We are also working to eradicate the wonky coined Hand Forged mark so many of you do not seem to like. I hope that when we do change this, I will not have another massive thread on here! We may look to offering you options on these blades, ie traditional coined/stamped mark or laser marked. There will be costs involved in these options and at this stage, this is something we are working on as Peter Sefton has pointed out.

Moving forward, there are plenty of reasons to buy our saws. We offer a wide range to suit different budgets and use high quality materials in our saws. Our saws have folded brass backs which can be re-tensioned or re-bladed over time. The weight of the heavy brass back offers great balance and basically allows the saw to do the work for you. Our saws often come top of performance tests and are championed by many a user across the world. 
We ship our saws to 40 countries world wide, with the majority being sold in the USA. 

Also, Mr Flinn (and I not a Y) sold the business in 1936 and there's a lot of talk about men being in charge at Flinn on here. Not the case, there's a lot of female involvement and I have been a senior partner for a good few years now, even being the one responsible for the ecommerce business and choosing all tools you view and buy.
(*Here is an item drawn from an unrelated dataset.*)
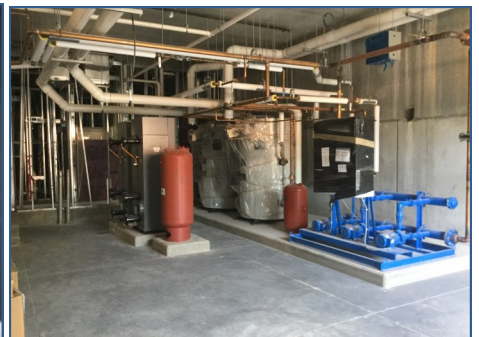
Bldg. F Mechanical Room

I have also been in the top 3 at a prestigious Made in Sheffield award for the past 3 years running. I have also recently been profiled as one of the top 100 businesses in the Small Business Saturday UK Campaign. We champion small business and appreciate all our customers as without them, we could not continue. 

I thank you all for your opinions. I am now off to have a cup of tea and get on with the tool orders I have. xxxxx


----------



## ColeyS1

Any talks about changing the shape of the handle ? I bought a clifton no6 and usually vear towards the lumpier more comfortable record no7. I like the green colour but if you can get a better finish with a different colour than so be it !! 
On a side note, I can't imagine not drinking coffee :lol:


----------



## Fromey

G S Haydon":phn7bx7f said:


> Fomey, do you have a link to the saw that was rubbish? What was so bad, the handle, how it was set?



I bought one of these rip saws (22") http://www.flinn-garlick-saws.co.uk/aca ... ml#SID=529

I hadn't noticed the handle but Chris pointed out it was an uncomfortable design. I suppose that's a matter of taste. The main defect is that the teeth are stamped out and that's it. It's pretty clear from the curved gullet that no/little sharpening has occurred (I'm sure at the time I purchased it back in 2010 it claimed to be "hand sharpened"). The set was irregular when I got it and I've attempted to regularise it. However, it saws about as well as a ripe banana and so sits gathering dust in my shed. It's on my list to experiment with as my first saw sharpening experience.

I should have added the caveat that my summary above is based on single experience and so may not be representative (I've also had one duff QS plane, but I still trust their quality).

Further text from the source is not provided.